:: SUPPLIED INFORMATION

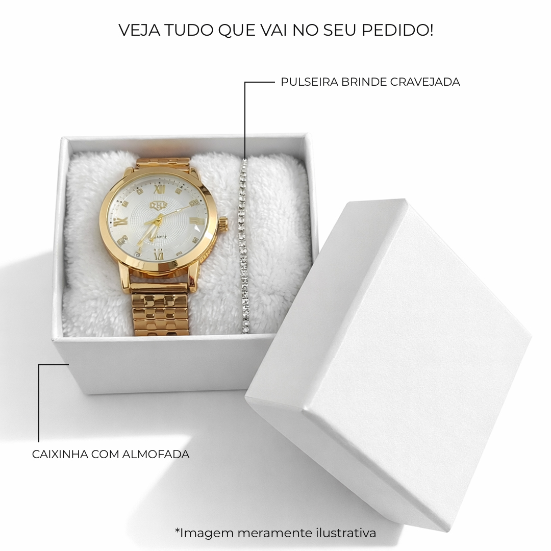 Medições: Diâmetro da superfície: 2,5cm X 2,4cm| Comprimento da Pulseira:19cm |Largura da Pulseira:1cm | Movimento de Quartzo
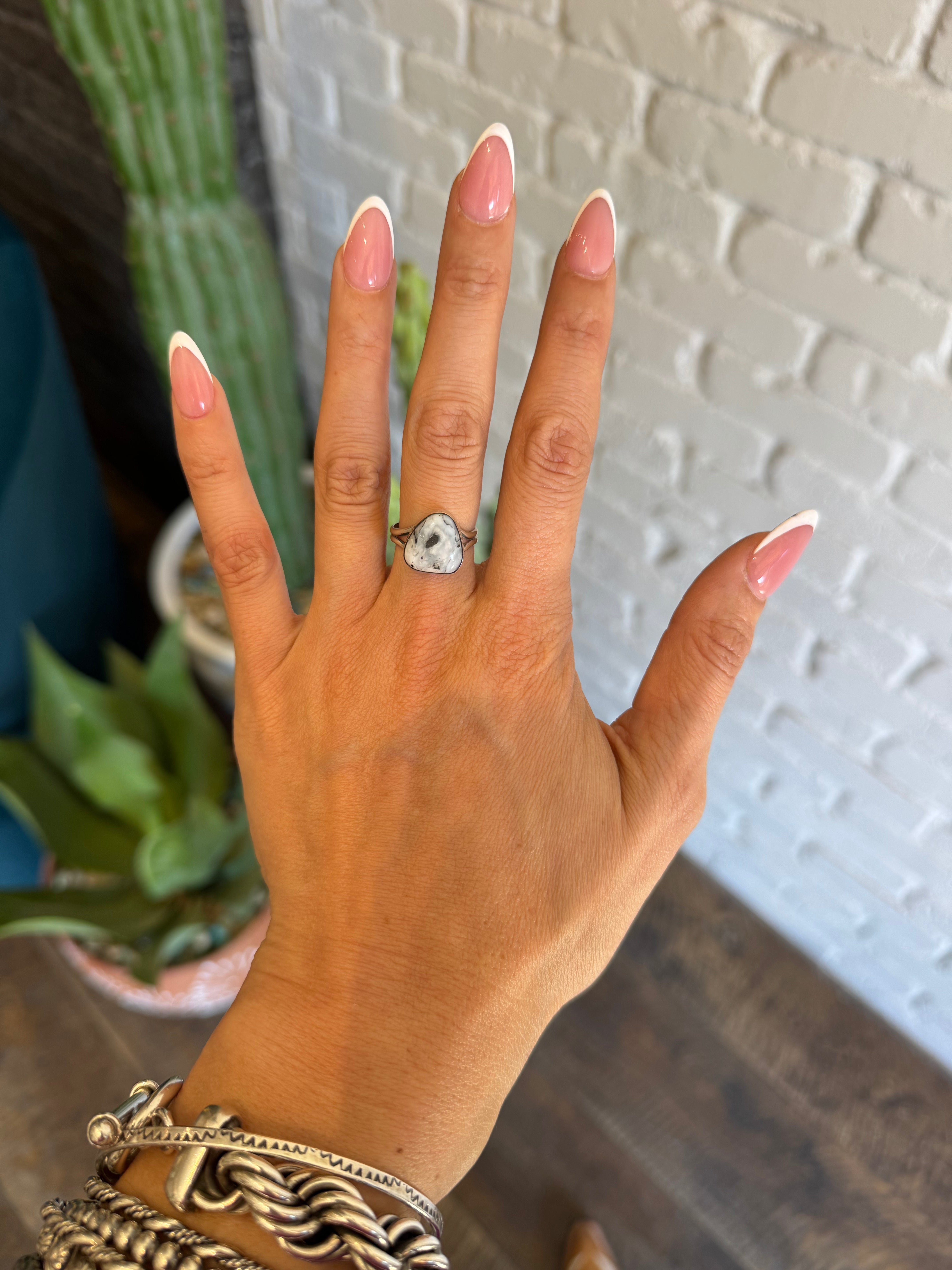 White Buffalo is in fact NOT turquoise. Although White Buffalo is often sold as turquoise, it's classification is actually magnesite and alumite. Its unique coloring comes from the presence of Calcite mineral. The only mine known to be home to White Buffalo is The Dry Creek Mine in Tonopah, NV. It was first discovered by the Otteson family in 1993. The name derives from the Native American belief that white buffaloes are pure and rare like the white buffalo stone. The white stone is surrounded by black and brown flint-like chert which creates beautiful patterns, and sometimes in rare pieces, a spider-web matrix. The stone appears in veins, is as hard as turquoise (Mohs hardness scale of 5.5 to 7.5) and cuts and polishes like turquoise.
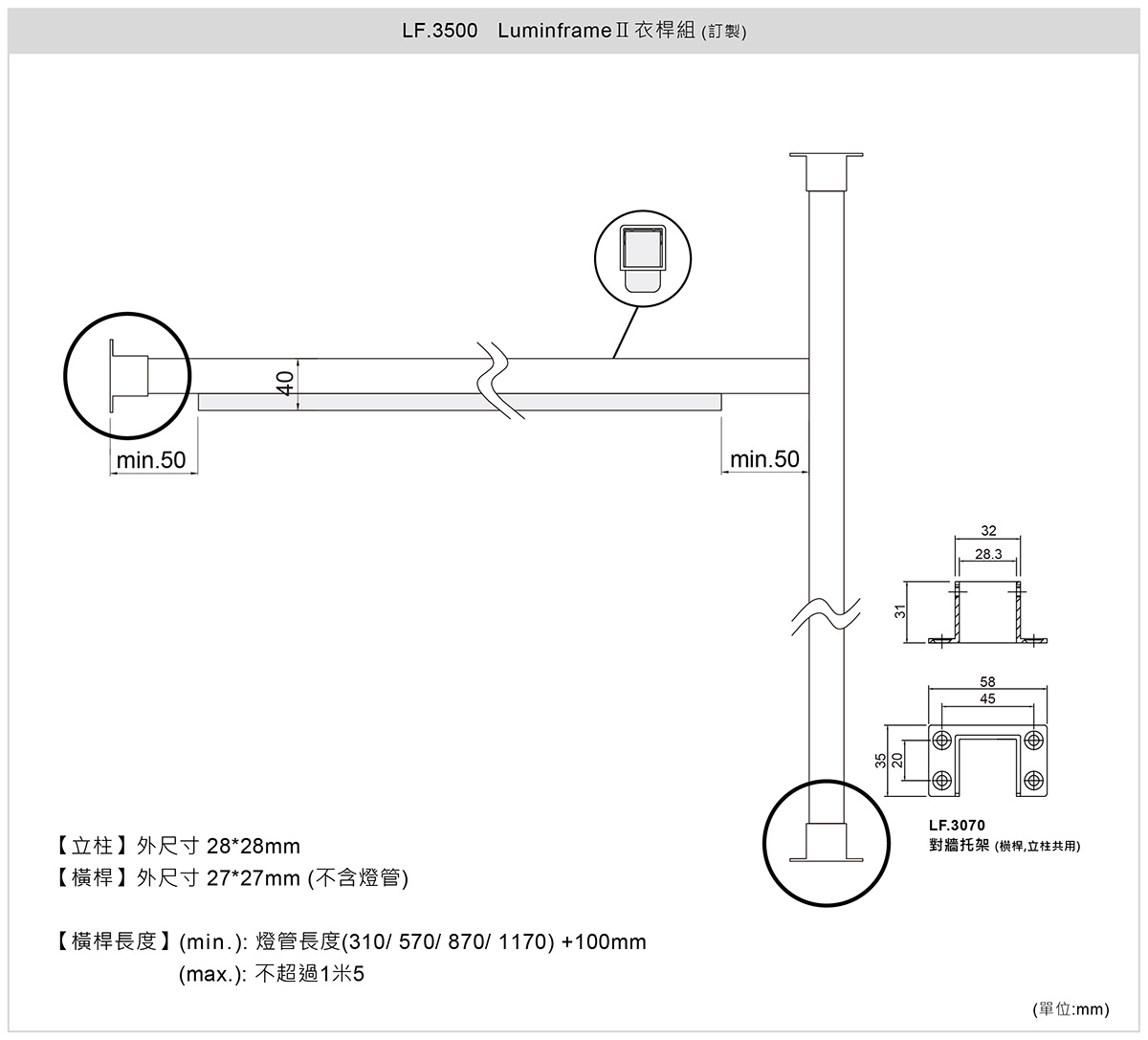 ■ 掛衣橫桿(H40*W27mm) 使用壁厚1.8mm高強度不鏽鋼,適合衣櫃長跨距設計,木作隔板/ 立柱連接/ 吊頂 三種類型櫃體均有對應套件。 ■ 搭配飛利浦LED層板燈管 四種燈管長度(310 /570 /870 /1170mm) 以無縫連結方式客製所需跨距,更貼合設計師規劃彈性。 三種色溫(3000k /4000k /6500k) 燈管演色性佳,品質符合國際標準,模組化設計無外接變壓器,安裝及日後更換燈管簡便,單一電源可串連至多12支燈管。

::::

Give back the material above exactly as it appears, minus any picture.

| RESULT |
 Medições: Diâmetro da superfície: 2,5cm X 2,4cm| Comprimento da Pulseira:19cm |Largura da Pulseira:1cm | Movimento de Quartzo
 White Buffalo is in fact NOT turquoise. Although White Buffalo is often sold as turquoise, it's classification is actually magnesite and alumite. Its unique coloring comes from the presence of Calcite mineral. The only mine known to be home to White Buffalo is The Dry Creek Mine in Tonopah, NV. It was first discovered by the Otteson family in 1993. The name derives from the Native American belief that white buffaloes are pure and rare like the white buffalo stone. The white stone is surrounded by black and brown flint-like chert which creates beautiful patterns, and sometimes in rare pieces, a spider-web matrix. The stone appears in veins, is as hard as turquoise (Mohs hardness scale of 5.5 to 7.5) and cuts and polishes like turquoise.
 ■ 掛衣橫桿(H40*W27mm) 使用壁厚1.8mm高強度不鏽鋼,適合衣櫃長跨距設計,木作隔板/ 立柱連接/ 吊頂 三種類型櫃體均有對應套件。 ■ 搭配飛利浦LED層板燈管 四種燈管長度(310 /570 /870 /1170mm) 以無縫連結方式客製所需跨距,更貼合設計師規劃彈性。 三種色溫(3000k /4000k /6500k) 燈管演色性佳,品質符合國際標準,模組化設計無外接變壓器,安裝及日後更換燈管簡便,單一電源可串連至多12支燈管。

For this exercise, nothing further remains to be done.